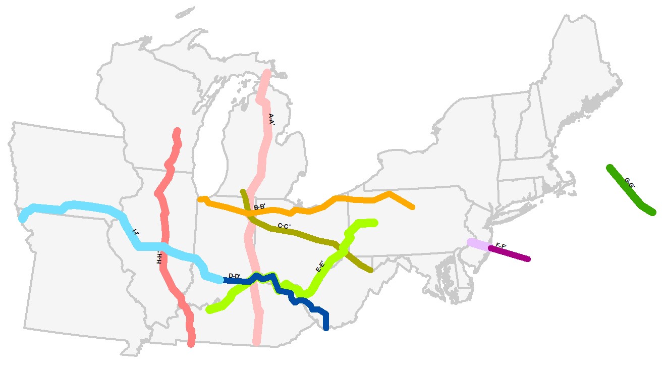 Dinterman, P., Greb, S.F., Lewis, J.E., Schmelz, W.J., Sparks, T.N., Solis, M.P., Medina, C., Carter, K.M., Barnes, D.A., Harper, J.A., Harrison, W.B., Moore, J.P., Miller, K.G., Hickman, J., Riley, R.A., McDowell, R., Rupp, J., Browning, J.V., and Gupta, N., 2020, Regional cross sections for potential storage and containment zones in the MRCSP region: U.S. Department of Energy, DOE MRCSP Project #DE-FC26-05NT42589, 19 p., 2 appendices, 6 plates, https://doi.org/10.2172/1755650
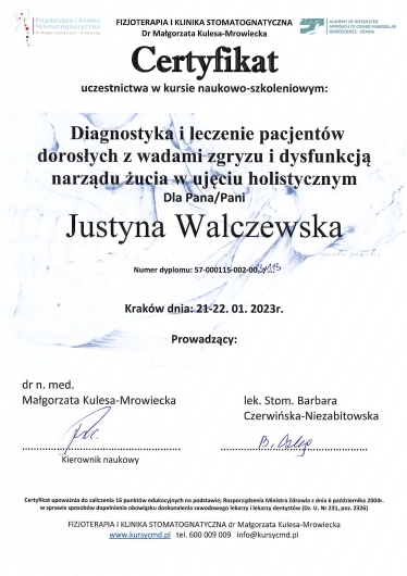 Do pani Justyny trafiłam z wieloletnim problemem zaciskania zębów, ciągłych migren i bólem pleców w odcinku piersiowym. Tak dokładnego i szczegółowego wywiadu jeszcze nikt ze mną nie przeprowadził, wiedza Pani Justyny i holistyczny sposób patrzenia na pacjenta są po prostu nie do porównania z innymi specjalistami.
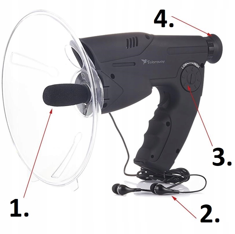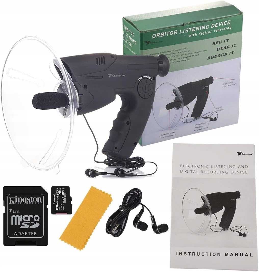 Параболическая антенна фокусировки звука обеспечивает превосходный прием звука, а встроенный объектив с 8-кратным зумом позволяет наблюдать, например, за слушающей птицей или человеком подслушал.
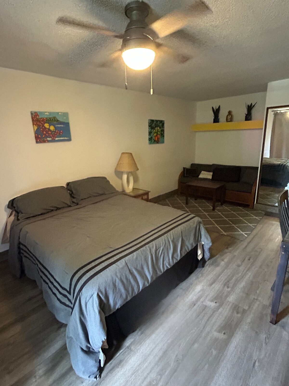 Located conveniently 5 minutes from the airport and a short 15 min drive to downtown Kailua Kona. Vaulted ceilings, a cute lanai to enjoy your morning coffee, large bathroom with double vanity, and a kitchenette make this rental a real gem. The AC is powerful for when the tropical breeze isn't quite cool enough, The WIFI is reliable and there is a large screen TV with ROKU for when you just want to hang out. We offer automated check in, excellent room amenities and flexibility with booking.
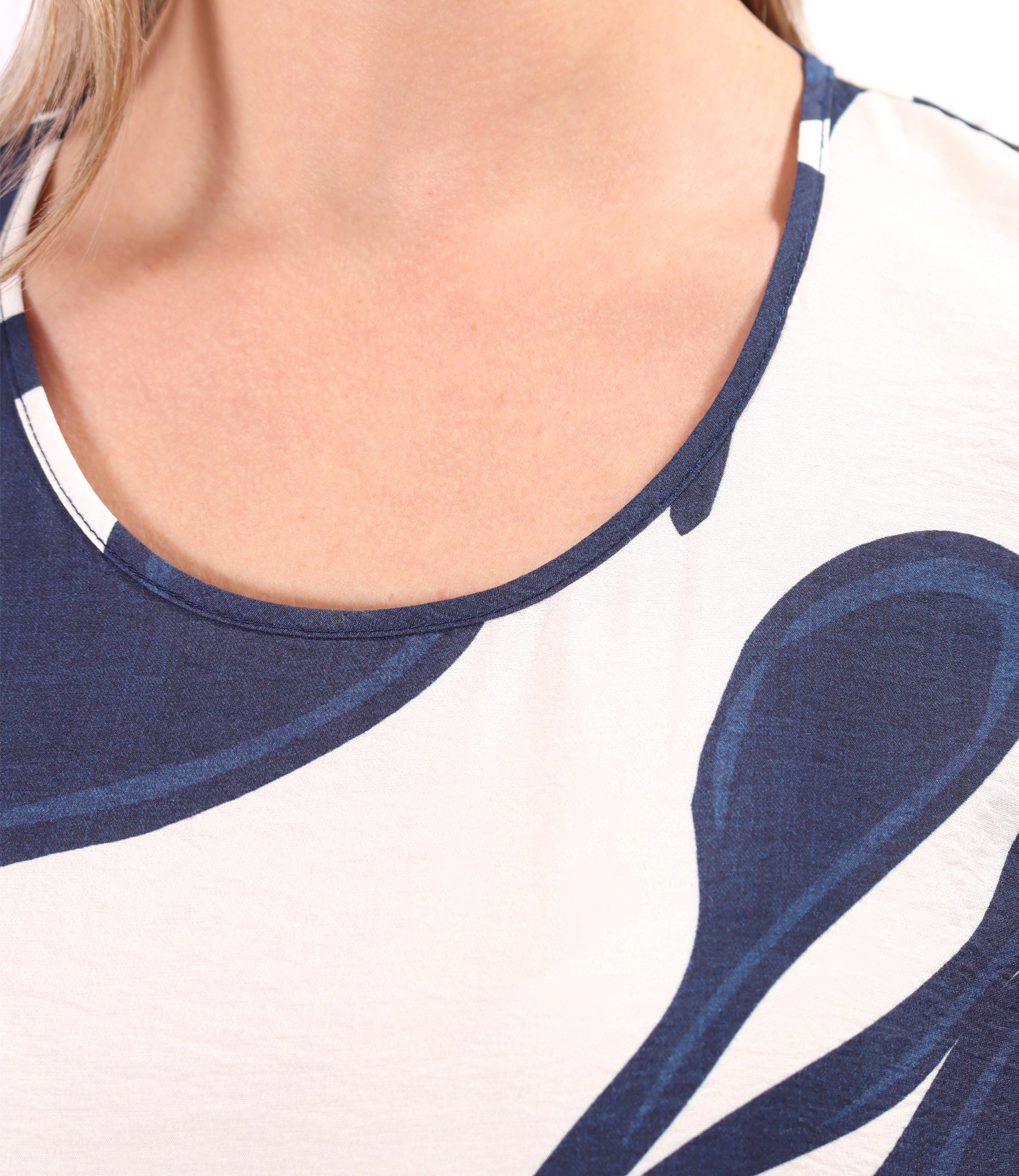 Midi dress with ruffles made of viscose printed with floral motifs (Navy blue), size

═══

| THE TASK |
Set the entire listing down again, exact in every line, without any pictures.

| RESULT FOR THIS TASK |
 Dinterman, P., Greb, S.F., Lewis, J.E., Schmelz, W.J., Sparks, T.N., Solis, M.P., Medina, C., Carter, K.M., Barnes, D.A., Harper, J.A., Harrison, W.B., Moore, J.P., Miller, K.G., Hickman, J., Riley, R.A., McDowell, R., Rupp, J., Browning, J.V., and Gupta, N., 2020, Regional cross sections for potential storage and containment zones in the MRCSP region: U.S. Department of Energy, DOE MRCSP Project #DE-FC26-05NT42589, 19 p., 2 appendices, 6 plates, https://doi.org/10.2172/1755650
 Do pani Justyny trafiłam z wieloletnim problemem zaciskania zębów, ciągłych migren i bólem pleców w odcinku piersiowym. Tak dokładnego i szczegółowego wywiadu jeszcze nikt ze mną nie przeprowadził, wiedza Pani Justyny i holistyczny sposób patrzenia na pacjenta są po prostu nie do porównania z innymi specjalistami.
 Параболическая антенна фокусировки звука обеспечивает превосходный прием звука, а встроенный объектив с 8-кратным зумом позволяет наблюдать, например, за слушающей птицей или человеком подслушал.
 Located conveniently 5 minutes from the airport and a short 15 min drive to downtown Kailua Kona. Vaulted ceilings, a cute lanai to enjoy your morning coffee, large bathroom with double vanity, and a kitchenette make this rental a real gem. The AC is powerful for when the tropical breeze isn't quite cool enough, The WIFI is reliable and there is a large screen TV with ROKU for when you just want to hang out. We offer automated check in, excellent room amenities and flexibility with booking.
 Midi dress with ruffles made of viscose printed with floral motifs (Navy blue), size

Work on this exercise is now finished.